2. Publication of non-statutory accounts
The unaudited half-yearly results for the six months ended 30 June 2013 do not constitute statutory accounts within the meaning of Sections 435 of the Companies Act 2006 and have not been delivered to the Registrar of Companies. The comparative figures for the year ended 31 December 2012 have been extracted from the audited financial statements for that year, which have been delivered to the Registrar of Companies. The independent auditor's report on those financial statements under Sections 434 of the Companies Act 2006 was unqualified. This half-yearly report has not been reviewed by the Company's auditor.
3. Earnings per share
The earnings per share at 30 June 2013 are calculated on the basis of 8,115,376 shares (31 December 2012: 8,115,376 and 30 June 2012: 8,115,376) being the weighted average number of shares in issue during the period.
There are no potentially dilutive capital instruments in issue and, therefore, no diluted returns per share figures are relevant.
4. Net asset value per share
The net asset value per share is based on net assets as at 30 June 2013 divided by 8,115,376 (31 December 2012: 8,115,376 and 30 June 2012: 8,115,376) shares in issue at that date.
5. Principal risks and uncertainties
The Company's assets consist of equity and fixed interest investments, cash and liquid resources. Its principal risks are therefore market risk, credit risk and liquidity risk. Other risks faced by the Company include economic, loss of approval as a Venture Capital Trust, investment and strategic, regulatory, reputational, operational and financial risks. These risks, and the way in which they are managed, are described in more detail in the Company's Annual Report and Accounts for the year ended 31 December 2012. The Company's principal risks and uncertainties have not changed materially since the date of that report.
6. Related party transactions
The Board of the Company acts as the investment manager of the Company through its Commercial Advisory Committee. During the period under review, no remuneration was paid to the Board in their capacity as investment manager. The Directors received remuneration for their roles as non-executive Directors to Hygea on the terms as set out in the Directors' Remuneration Report of the Company's Annual Report and Accounts for the year ended 31 December 2012.
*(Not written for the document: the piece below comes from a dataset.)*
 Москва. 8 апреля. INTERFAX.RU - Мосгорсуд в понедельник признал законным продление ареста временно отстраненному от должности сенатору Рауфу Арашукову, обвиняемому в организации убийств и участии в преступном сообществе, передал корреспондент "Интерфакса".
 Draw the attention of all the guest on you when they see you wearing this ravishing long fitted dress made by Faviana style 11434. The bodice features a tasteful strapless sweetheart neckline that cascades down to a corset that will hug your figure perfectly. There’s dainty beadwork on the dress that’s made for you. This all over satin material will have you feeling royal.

The Commercial Advisory Committee is entitled to receive a performance incentive fee, being 20% of sums returned to shareholders by way of dividends and capital distributions of whatever nature, which in aggregate exceeds the sum of 80p per share (including dividends paid to date, i.e. 21.25p, but excluding any sums returned to shareholders from HMRC in the year of subscription).
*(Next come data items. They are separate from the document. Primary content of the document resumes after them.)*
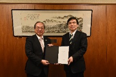本年度の書面評価および実地調査をふまえて、大学評価委員会としての評価結果がとりまとめられ、委員長より学長に報告が行われました。また、評価結果の報告に続いて、意見交換・懇談が行われました。
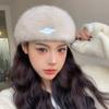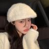 Internet Sombrero de Boina de Invierno para Mujer de Piel de Conejo Blanco Rojo Muestra la Cara Pequeña Otoño e Invierno Británico Combinable Retro Trendy Sombrero Belle
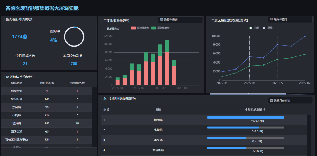 名城名德负责人表示:“我们借助平台的大数据分析功能,能够精准规划收运路线,提升车辆的调配效率。”借助平台数据支撑,名城名德进一步优化收运路线、提升作业车辆调配效率,使每个镇区作业时间缩短20分钟以上,显著降低时间与人力成本。同时,通过与市固废管理平台联动,打通“产生—运输—处置”全链条数据壁垒,实现医疗废物全程可溯源、可监管。截至目前,医疗单位均实现医废妥善交接,无一起监管漏洞事件,为城市公共卫生安全闭环管理提供了坚实支撑。

7. Copies of this statement are being sent to all shareholders. Copies are also available from the registered office of the Company at 39 Alma Road, St Albans, AL1 3AT.
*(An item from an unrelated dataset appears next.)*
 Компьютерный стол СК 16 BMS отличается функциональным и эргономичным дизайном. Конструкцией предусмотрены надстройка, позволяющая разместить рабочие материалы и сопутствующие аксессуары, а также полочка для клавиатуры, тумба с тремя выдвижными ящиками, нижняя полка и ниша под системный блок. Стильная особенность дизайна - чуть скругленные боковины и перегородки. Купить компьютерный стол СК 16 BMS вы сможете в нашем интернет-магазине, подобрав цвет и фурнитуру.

Shareholder Information and Contact Details
Financial Calendar
The Company's financial calendar is as follows:
April 2014 - Annual results for year to 31 December 2013 announced; Annual Report and accounts published
May 2014 - Annual General Meeting
Dividends
Dividends are paid by the Registrar on behalf of the Company. Shareholders who wish to have dividends paid directly into their bank account rather than by cheque to their registered address can complete a mandate form for this purpose. Queries relating to dividends, shareholdings and requests for mandate forms should be directed to the Company's Registrar, Capita Registrars, by calling 0871 664 0300 (calls cost 10p per minute plus network extras), or by writing to them at:
Capita Registrars
The Registry
34 Beckenham Road
Beckenham
Kent
BR3 4BR
www.capitaregistrars.com
Share Price
The Company's share price is published daily on the London Stock Exchange's website (www.londonstockexchange.com), and other financial websites, and can also be accessed through the Company's website (www.hygeavct.com). The share price may be found with the following TIDM/EPIC code:
Ordinary shares | |
TIDM/EPIC code | HYG |
Latest mid-market share price (12 August 2013) | 60.0p per share |
Buying and selling shares
The Company's Ordinary shares, which are listed on the London Stock Exchange and traded on Asset Match, can be bought and sold in the same way as any other company quoted on a recognised stock exchange via a stockbroker. There may be tax implications in respect of all or part of your holdings, so Shareholders should contact their independent financial adviser if they have any queries.
The Company does not currently operate a buyback policy. If you are considering selling your shares or trading in the secondary market, please contact the Company's Corporate Broker, Panmure Gordon (UK) Limited ('Panmure'). Panmure can be contacted as follows:
Chris Lloyd 020 7886 2716 chris.lloyd@panmure.com
Paul Nolan 020 7886 2717 paul.nolan@panmure.com
Asset Match can be contacted as follows:
Iain Baillie 020 7248 2788 iain.baillie@assetmatch.com
Notification of change of address
Communications with Shareholders are mailed to the registered address held on the share register. In the event of a change of address or other amendment this should be notified to the Company's Registrar, Capita Registrars, (contact details shown above) under the signature of the registered holder.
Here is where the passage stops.